THE COLOSSI DURING AN INUNDATION.

"Each statue rises about fifty feet from a pedestal at least ten feet high, so that when they were erected they were doubtless more than sixty feet above the ground; but the inundations of the Nile have deposited the earth around them, and the pedestals are completely surrounded. When the river is at its height the two figures seem to be sitting in a lake. They were hewn from single blocks of sandstone; but one of them was injured, either by an earthquake or by the Persian invaders, and was reconstructed with blocks of stone of the same character as the original.

"They were made to represent Amunoph III., and were not, as many suppose, intended for divinities. The one nearest the north was known as the Vocal Memnon, that uttered a sound every morning when the rays of the sun fell upon it.

"Sometimes it was obstinate, and for several days refused to speak. Kings, and princes, and other great men made long journeys to see, and especially to hear it, and they waited patiently day after day, too, for its utterance.

"Sometimes, when a very great personage like the Emperor Hadrian came, it gave forth its utterance twice on the same morning. Then the whole of Thebes talked of the wonder, and the Emperor was regarded with special reverence.

"We went to see and hear it, and we did not go at sunrise, as was necessary to do three thousand years ago.

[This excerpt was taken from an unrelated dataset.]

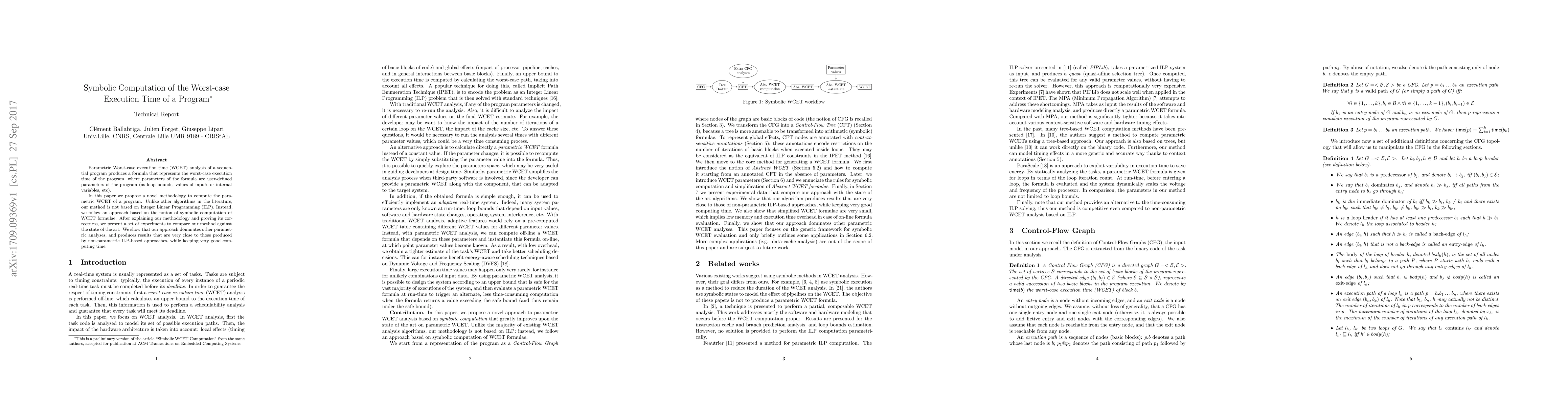 This paper proposes a novel symbolic computation methodology for parametric worst-case execution time (WCET) analysis of sequential programs, diverging from traditional Integer Linear Programming (ILP) approaches. The method's correctness is proven, and experimental results show it outperforms other parametric analyses while maintaining efficient computation times.

"We went in the afternoon, and for half a franc an Arab climbed up the statue and struck a stone that lies in the lap of the figure. We beat the Emperor Hadrian completely, as we heard the sound a dozen times instead of twice, and if we had given the Arab a franc he would have been delighted to pound the stone for half an hour.

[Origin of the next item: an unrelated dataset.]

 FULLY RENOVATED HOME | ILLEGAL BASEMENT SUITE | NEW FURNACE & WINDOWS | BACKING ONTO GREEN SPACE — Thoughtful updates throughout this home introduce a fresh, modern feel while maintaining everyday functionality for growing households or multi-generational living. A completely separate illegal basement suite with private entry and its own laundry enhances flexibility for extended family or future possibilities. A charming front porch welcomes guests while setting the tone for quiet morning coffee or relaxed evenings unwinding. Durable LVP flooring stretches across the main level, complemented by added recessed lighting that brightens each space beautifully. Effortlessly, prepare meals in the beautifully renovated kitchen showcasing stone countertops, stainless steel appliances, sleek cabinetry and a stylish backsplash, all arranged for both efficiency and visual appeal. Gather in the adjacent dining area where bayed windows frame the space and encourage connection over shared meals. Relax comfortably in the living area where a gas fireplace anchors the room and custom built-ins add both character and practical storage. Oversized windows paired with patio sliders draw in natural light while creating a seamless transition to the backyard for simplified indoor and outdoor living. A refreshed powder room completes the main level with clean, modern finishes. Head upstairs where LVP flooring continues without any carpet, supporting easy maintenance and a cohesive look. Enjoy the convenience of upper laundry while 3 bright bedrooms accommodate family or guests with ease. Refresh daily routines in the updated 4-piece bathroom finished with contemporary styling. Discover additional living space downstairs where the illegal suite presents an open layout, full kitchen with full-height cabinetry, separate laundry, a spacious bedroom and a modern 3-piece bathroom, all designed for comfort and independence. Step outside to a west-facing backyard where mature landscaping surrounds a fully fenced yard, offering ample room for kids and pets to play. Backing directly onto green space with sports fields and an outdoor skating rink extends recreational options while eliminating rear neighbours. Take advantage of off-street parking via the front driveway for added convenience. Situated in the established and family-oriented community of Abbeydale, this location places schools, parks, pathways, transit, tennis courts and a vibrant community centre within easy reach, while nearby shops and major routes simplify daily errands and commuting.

EGYPTIAN PRIESTS CLAD IN LEOPARD-SKINS.

"The sound is what we call a metallic one, like that of a poorly tuned bell. The whole trick is clearly apparent. A priest was concealed in a niche behind the stone, where nobody could see him from the ground, and he could strike the stone at the proper moment without fear of discovery. Perhaps he went to sleep occasionally, and then the sound was not heard; or it is possible he was in league with the hotel-keepers of Thebes, and wished people to stay in town a week or two, instead of finishing their visit in a day and taking the train to the next place. At any rate, the Colossi have ceased to be among the wonders of the world. For thirty centuries they have looked out on the plain of Thebes. What a pity it is they cannot open their stony lips and tell us what has passed around them during all that period of time—what changes they have witnessed, and what generations have come and gone since they first began their long vigil!"

REAR VIEW OF THE COLOSSI, WITH LUXOR IN THE DISTANCE.